Why the perimeter is no longer the control that matters most

Short answer (for a remote‑first SMB on Microsoft 365 Business Premium that’s configured well):
For most scenarios, you do not need an expensive, next‑gen/UTM hardware firewall at every site. A basic, reliable edge router/firewall for NAT, stateful filtering, and ISP failover is usually sufficient—provided you shift protection to identity, device and app layers using Business Premium’s built‑in controls (Intune, Microsoft Defender for Business, and Conditional Access) and keep Windows Defender Firewall always on and centrally managed. [1][2][3][4]


Why the perimeter is no longer the control that matters most

Remote work + SaaS have moved users and data outside the office network. Microsoft’s Zero Trust approach puts the control points at identity, device health, and applications, not at a single network chokepoint. Business Premium packages these controls for SMBs: Endpoint EDR/ASR and network/web protection on the device (Defender for Business), Conditional Access to gate app access, and Defender for Office 365 to neutralise email‑borne attacks. In other words: you inspect and block at the endpoint and the cloud, which significantly reduces the value of a costly on‑prem firewall for a typical remote workforce. [5][1][6]
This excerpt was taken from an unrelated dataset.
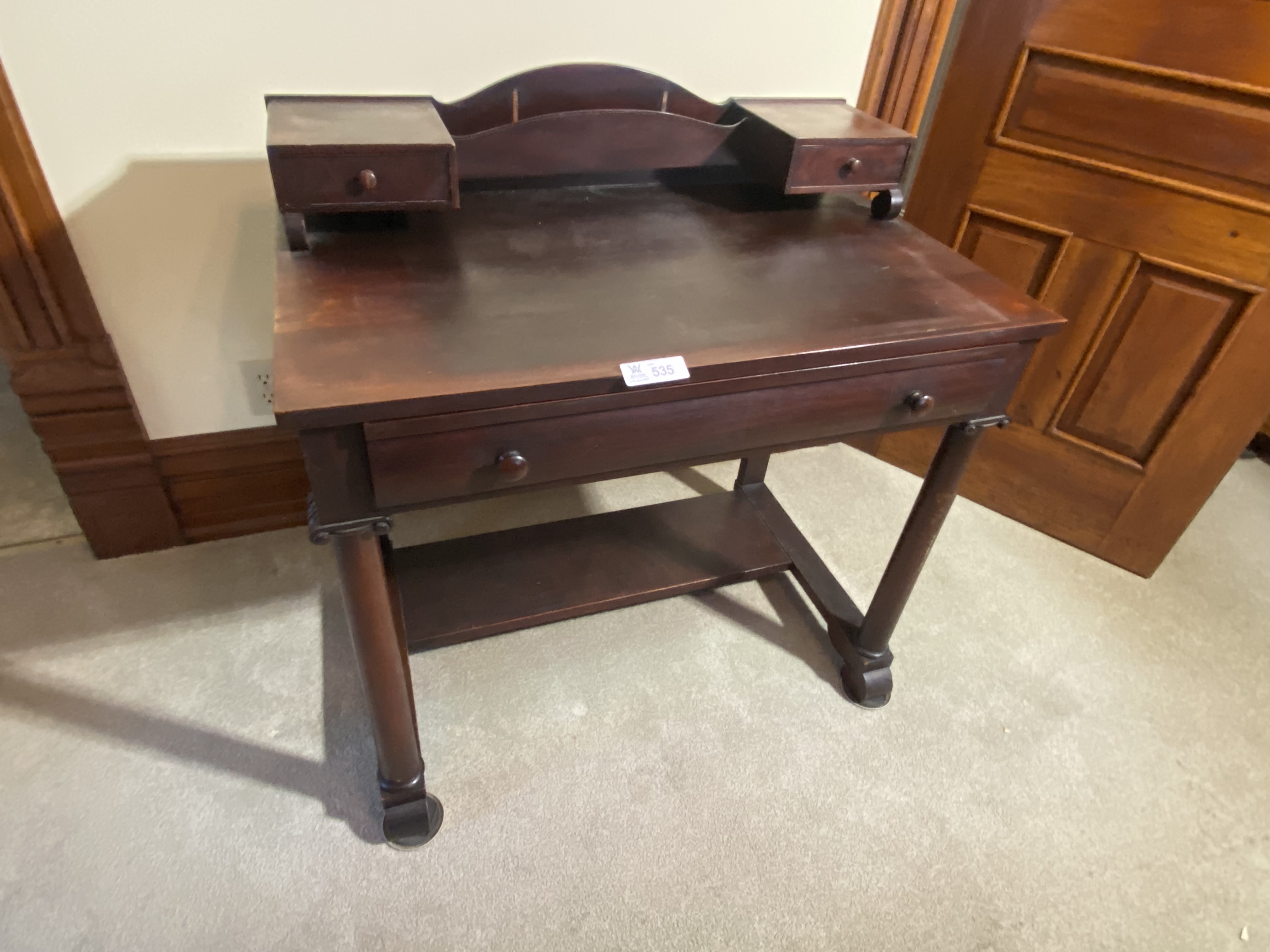 & safe; Edison phonograph; Tiger maple front dresser; mahogany desk w/chair;

  • Defender for Business (MDB) adds web protection, network protection, web content filtering, attack surface reduction (ASR), and EDR—controls that used to be sold as “firewall features” in branch appliances. These run on the endpoint and follow the user everywhere. [2][5]
  • Windows Defender Firewall should remain enabled and centrally configured via Intune security baselines—giving you host‑based segmentation and policy without paying for advanced edge appliances. [7][4]
  • Conditional Access (Entra ID P1) lets you require MFA and compliant devices for Exchange/SharePoint/Teams and other SaaS apps, blocking risky sign‑ins even if a user is “on the office network.” [8][9]
  • Defender for Office 365 (Plan 1) (Safe Links/Attachments, anti‑phishing) removes the single biggest ingress vector—malicious email—before it ever hits a device. [10]

So… is anything beyond a basic firewall required?
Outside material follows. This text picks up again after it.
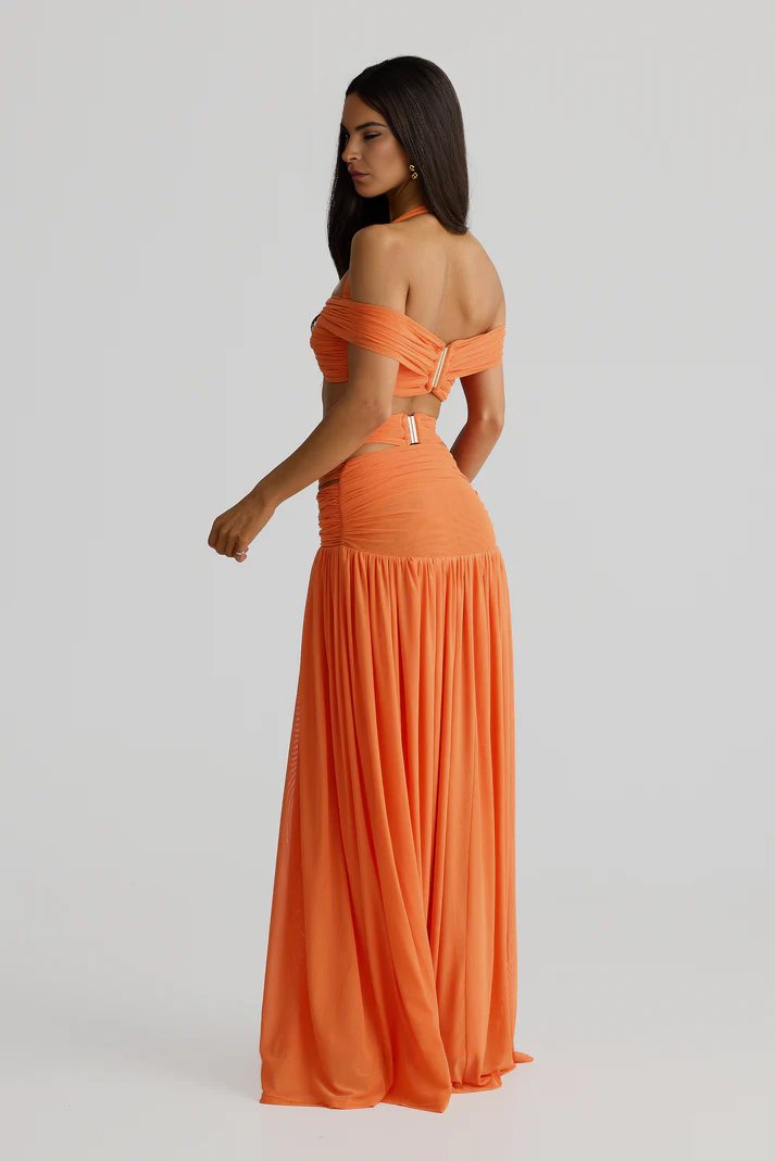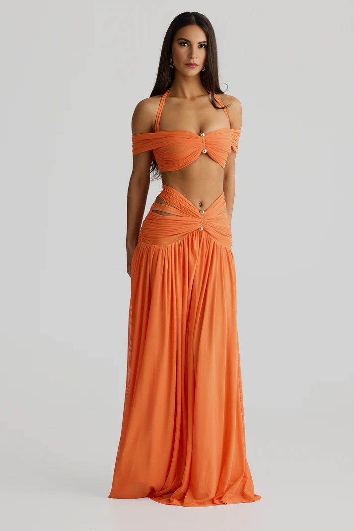 A breezy stretch mesh skirt designed for effortless resort elegance. Featuring a cut-out gathered waistband accented with gold metal detailing, it moves fluidly with every step the ultimate statement piece for sun-soaked escapes.

For a typical SMB with many remote workers and no critical on‑prem apps, the cost‑effective pattern is:

  1. Keep a simple edge: ISP router/basic firewall with NAT, DHCP, basic filtering, and failover.
  2. Do the heavy lifting in M365: Intune + Defender for Business + Conditional Access + Defender for Office 365.
  3. Optionally add Microsoft’s cloud‑delivered network security (SSE) if you want SWG/Zero‑Trust Network Access without hardware (see below). [11]

This “thin‑edge, strong‑endpoint” model routinely outperforms legacy “big firewall, flat endpoints” setups in both risk reduction and TCO for remote‑first SMBs—because controls travel with the user and are enforced before data is accessed. [5][1]
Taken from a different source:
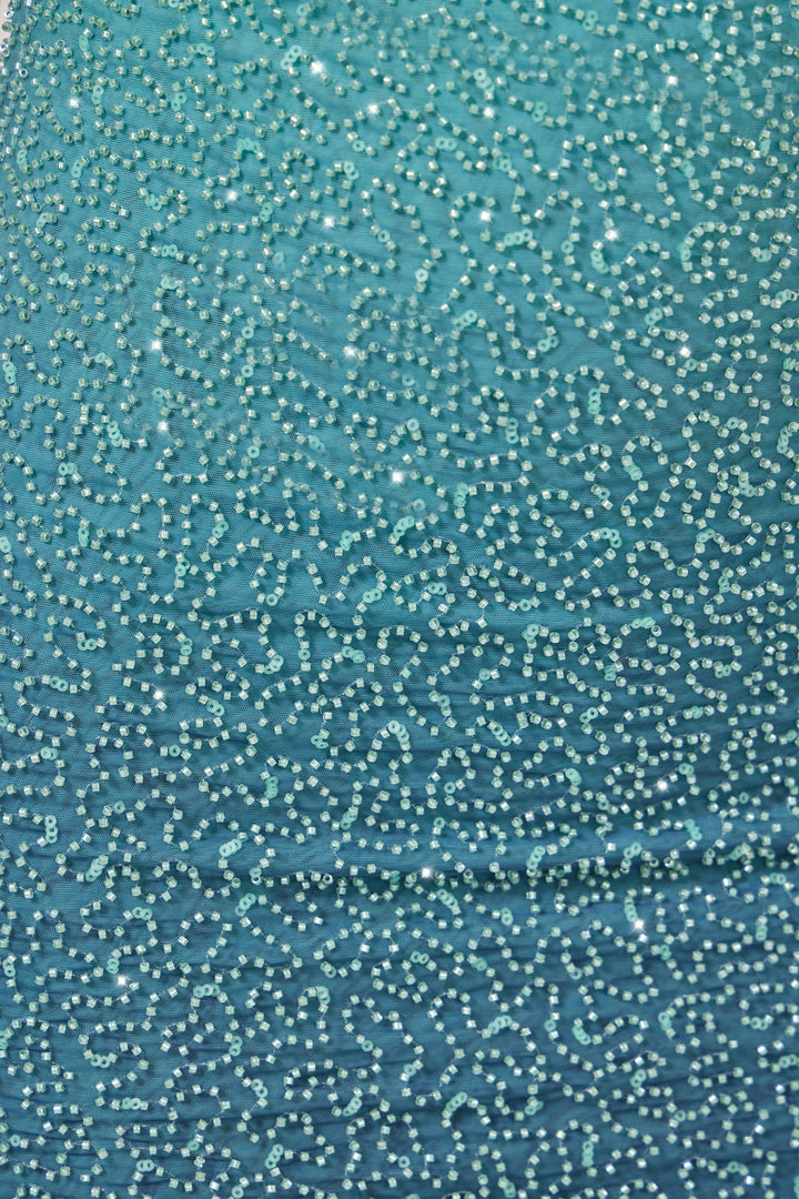 Mavi Ombré Taşlı Boyundan Bağlamalı Mini Elbise

When a high‑priced firewall might still be justified

Choose a premium firewall/UTM only if you truly need capabilities that are network‑only and site‑centric, for example:

  • High‑throughput site‑to‑site VPNs/SD‑WAN, or numerous branch tunnels to on‑prem resources you’ll keep long term.
  • Strict network segmentation/IPS for OT/IoT or lab environments that cannot run endpoint controls.
  • Regulatory demands for on‑prem IDS/IPS or mandated perimeter logging at a specific site.
  • Complex public services hosted in your office (reverse proxying/WAF for internet‑facing apps).

If none of these apply, put your budget into endpoint, identity, and app security rather than into an oversized edge box.


A practical blueprint: Configure Business Premium to replace “firewall features”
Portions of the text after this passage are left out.